The major equity indexes closed mostly higher Monday, except for the Dow Jones Transportation, which posted a minor loss. All closed at or near their intraday highs resulting in no new technical events of import, leaving each in its near-term bullish uptrend, which, in our opinion, should continue to be respected.
The data is mostly neutral, with the exceptions of the McClellan 1-Day OB/OS Oscillators staying overbought and the % of S&P 500 stocks trading above their 50 DMAs implying the markets are a bit overextended currently. Also, instead of the SPX trading at a discount to ballpark fair value for the past several weeks, it is now trading at a premium. As such, we believe some consolidation of recent gains is becoming more likely with the potential for more advantageous entry points.

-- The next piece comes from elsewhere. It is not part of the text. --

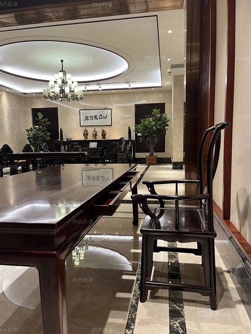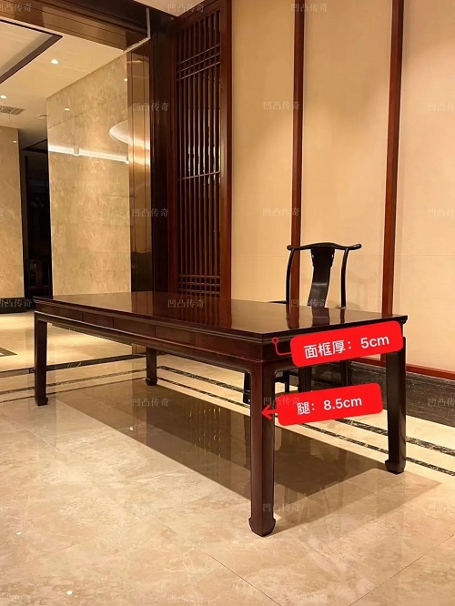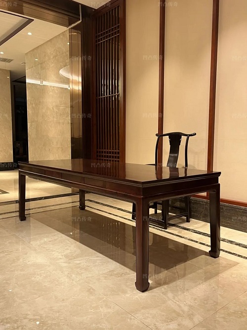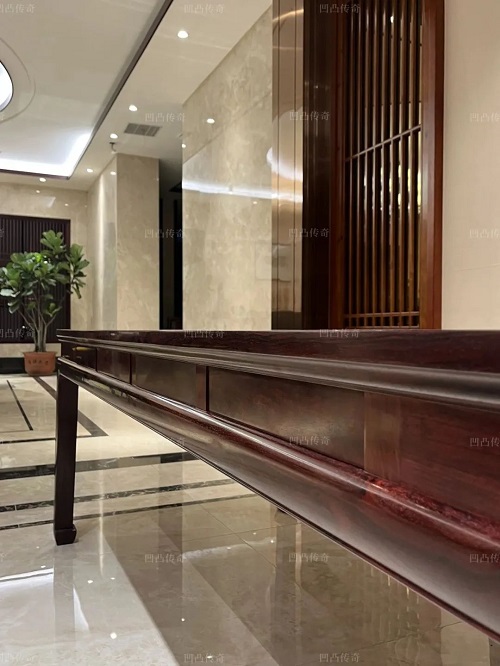 桌子整體采用小葉紫檀制作而成,色澤深邃華麗,在光線的照射下,它的紋理清晰可見,仿佛是一幅流動的畫卷。

On the charts, all the major equity indexes, except for the DJT, closed higher yesterday with mixed NYSE and positive NASDAQ internals as all closed at or near their intraday highs.There were no technical events of import generated on the charts, leaving all in their respective near-term uptrends and above their 50 DMAs.
- Cumulative market breadth remains strong on the All Exchange, NYSE and NASDAQ as well.

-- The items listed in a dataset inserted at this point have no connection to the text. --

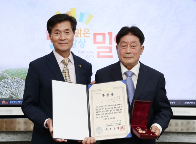 [뉴스서울] 밀양시는 13일 시장실에서 6·25전쟁 당시 강원 평창지구 전투에 참전해 공을 세운 고(故) 민오식 하사의 장남 민병언 씨에게 화랑무공훈장을 전수했다.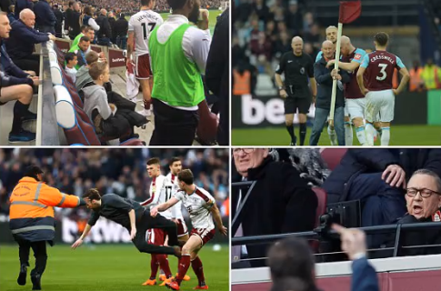 Ndeshja e javës së 30-të mes Uest Hamit dhe Bërnlit ka degjeneruar në dhunë gjatë ditës së sotme, teksa në pjesën e dytë disa huliganë të skuadrës vendase u përleshën me futbollistët e tyre, teksa kërkonin që të sulmonin edhe pronarët e klubit, Dejvid Gold dhe Dejvid Sallivan.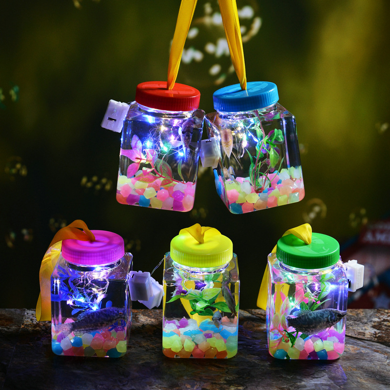 인터넷 유명 야시장 매점 물고기 병 거북 병 버킷 물고기 탱크 물고기 탱크 해파리 컵 휴대용 거북이 상자 빛

- And while the stochastic levels remain overbought across the board, they have yet to register cautionary bearish crossover signals.
However, the data is casting a few cautionary shadows.
- The McClellan OB/OS Oscillators reman cautionary as all remain overbought, but less so than yesterday’s readings (All Exchange: +86.43 NYSE: +89.10 NASDAQ: +85.72). We remain of the opinion that they suggest some short-term caution is warranted.
- The % of SPX issues trading above their 50 DMAs (contrarian indicator) remains bearish territory at 91%. We reiterate, as a point of reference, it was around 13% at the June market lows.
- The Open Insider Buy/Sell Ratio rose to 39.7 and remains neutral.
- The detrended Rydex Ratio (contrarian indicator) ticked down to -0.41 and is neutral as well.
- This week’s AAII Bear/Bull Ratio (contrarian indicator) moderated further as the crowd became a bit less fearful at 1.28, staying on a bullish.
- The Investors Intelligence Bear/Bull Ratio (contrary indicator) also moderated with the number of bears dropping and bulls increasing at 27.8/44.4. Its 3-week moving average remains bullish at 83.79.
- The forward 12-month consensus earnings estimate from Bloomberg for the SPX as of yesterday morning was $233.05. As such, the valuation spread has widened with the SPX forward multiple at 18.4 and a premium to the “rule of 20” ballpark fair value at 17.2.
- The SPX forward earnings yield is 5.42%.
- The 10-year Treasury yield closed lower at 2.79% and still within its trading range with support at 2.72% and resistance at 2.91%.
In conclusion, the DJI is up over 4,000 points from its June low with the McClellan OB/OS cautionary as valuation has become, in our opinion, somewhat stretched. In our view, they suggest some patience should be exercised currently within the ongoing uptrends.